GSE214108 Processing Pipeline
RNA-Seq
code_examples
3 steps
Publication
An RNA-targeting CRISPR-Cas13d system alleviates disease-related phenotypes in Huntington's disease models.Nature neuroscience (2023) — PMID 36510111
Dataset
GSE214108RNA-Targeting CRISPR/Cas13d System Alleviates Disease-Related Phenotypes in Pre-clinical Models of Huntingtonâs Disease (Human).
Warning: Pipeline descriptions and code snippets may be inferred or AI-generated. Use them only as a starting point to guide analysis, and validate before use.
Processing Steps
Generate Jupyter Notebook-
1
RNAseq reads were adapter-trimmed using Cutadapt (v1.14) and mapped to human-specific repetitive elements from RepBase (version 18.05) by STAR (v2.4.0i) (Dobin et al., 2013).
$ Bash example
# Install STAR (if not already installed) # conda install -c bioconda star # Define variables NUM_THREADS=8 # Example number of threads INPUT_READS="trimmed_rnaseq_reads.fastq.gz" # Placeholder for adapter-trimmed RNAseq reads OUTPUT_DIR="star_repbase_alignment" REPBASE_STAR_INDEX="repbase_18.05_star_index" # Placeholder for the STAR genome index built from RepBase v18.05 # Create output directory mkdir -p "${OUTPUT_DIR}" # Run STAR to map RNAseq reads to human-specific repetitive elements from RepBase STAR \ --runThreadN "${NUM_THREADS}" \ --genomeDir "${REPBASE_STAR_INDEX}" \ --readFilesIn "${INPUT_READS}" \ --outFileNamePrefix "${OUTPUT_DIR}/" \ --outSAMtype BAM SortedByCoordinate \ --outReadsUnmapped Fastx # Optional: to output unmapped reads -
2
Repeat-mapping reads were removed, and remaining reads were mapped to the human genome assembly (hg19) with STAR
$ Bash example
# Install STAR (if not already installed) # conda install -c bioconda star=2.7.10a # --- Reference Data Setup (Example Paths) --- # Download human genome assembly hg19 FASTA # wget -P /path/to/genome/hg19/ ftp://hgdownload.soe.ucsc.edu/goldenPath/hg19/bigZips/hg19.fa.gz # gunzip /path/to/genome/hg19/hg19.fa.gz # Download Gencode v19 GTF annotation for hg19 (recommended for RNA-seq) # wget -P /path/to/genome/hg19/ ftp://ftp.ebi.ac.uk/pub/databases/gencode/Gencode_human/release_19/gencode.v19.annotation.gtf.gz # gunzip /path/to/genome/hg19/gencode.v19.annotation.gtf.gz # Create STAR genome index (if not already created) # Replace /path/to/star_index/hg19 with your desired index directory # Replace /path/to/genome/hg19/hg19.fa with your FASTA file path # Replace /path/to/genome/hg19/gencode.v19.annotation.gtf with your GTF file path # --sjdbOverhang 100 is a common value for read lengths around 100bp.
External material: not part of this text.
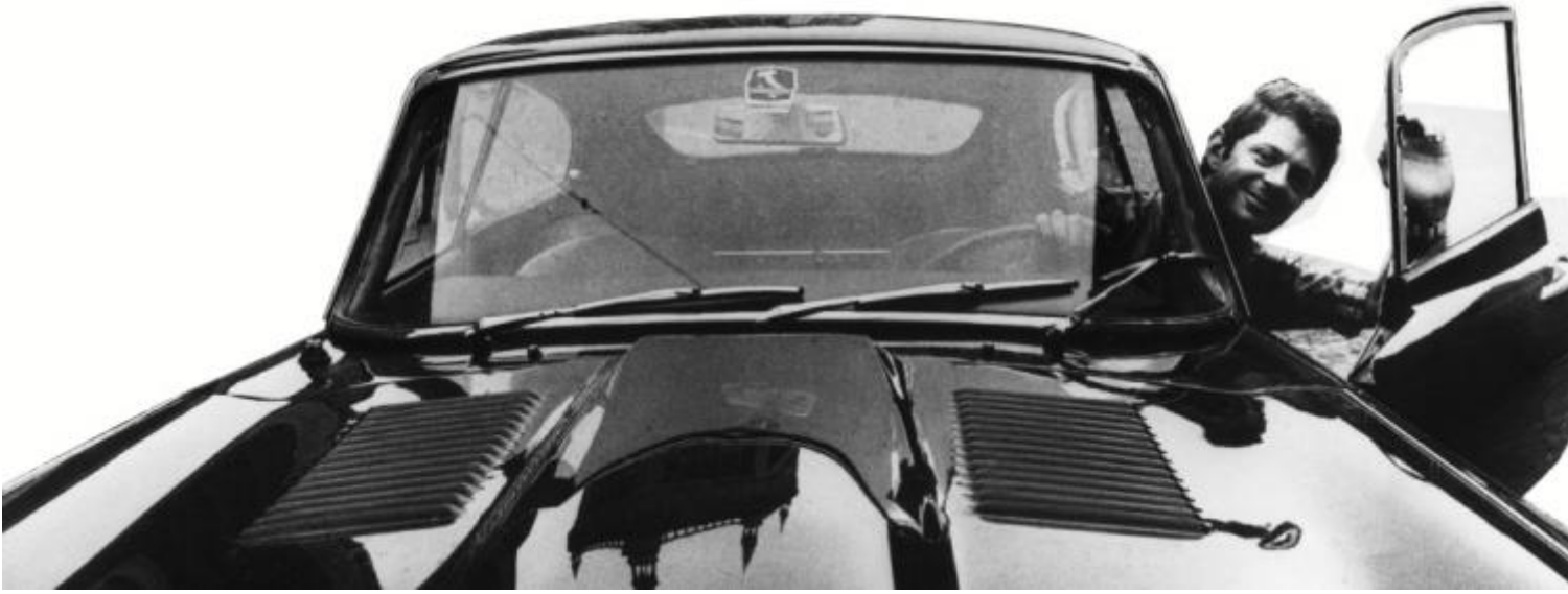
Franco Maria Ricci ritratto da Ugo Mulas.

Jaguar non è una marca, qui, ma un nome proprio, quello della vettura lanciata in velocità per le strade di Milano, in quei veloci anni Ottanta in cui FMR rallentava il tempo della lettura per concedere ai suoi happy few libri sontuosi come codici. Ora la Jaguar, nera come neri sono i libri di Ricci, riposa in mezzo a quel tempio della memoria, del tutto personale e multiforme, che è la Masone. Ed è stato proprio lì che lo abbiamo incontrato, proprio poco sotto il celebre ritratto di Ugo Mulas che lo ha fissato al volante, la consueta rosa all'occhiello, con la sua Parma sullo sfondo.

Adjust if your reads are different. # STAR --runMode genomeGenerate \ # --genomeDir /path/to/star_index/hg19 \ # --genomeFastaFiles /path/to/genome/hg19/hg19.fa \ # --sjdbGTFfile /path/to/genome/hg19/gencode.v19.annotation.gtf \ # --sjdbOverhang 100 \ # --runThreadN 8 # --- Alignment Command --- # Assumes input_reads_R1.fastq.gz and input_reads_R2.fastq.gz are the paired-end reads # after repeat-mapping reads have been removed (or STAR will filter them with --outFilterMultimapNmax 1). # Replace /path/to/star_index/hg19 with the actual path to your STAR genome index. # Adjust --runThreadN based on available CPU cores. # Adjust --limitBAMsortRAM based on available RAM (e.g., 30GB for 30000000000 bytes). STAR --genomeDir /path/to/star_index/hg19 \ --readFilesIn input_reads_R1.fastq.gz input_reads_R2.fastq.gz \ --readFilesCommand zcat \ --runThreadN 8 \ --outFileNamePrefix aligned_reads_ \ --outSAMtype BAM SortedByCoordinate \ --outSAMattributes Standard \ --outFilterMultimapNmax 1 \ --outFilterType BySJout \ --outFilterMismatchNmax 999 \ --outFilterMismatchNoverLmax 0.04 \ --alignIntronMin 20 \ --alignIntronMax 1000000 \ --alignMatesGapMax 1000000 \ --limitBAMsortRAM 30000000000 -
3
Read counts for all genes annotated in GENCODE (hg19) were calculated using the read summarization program featureCounts (Liao et al., 2014).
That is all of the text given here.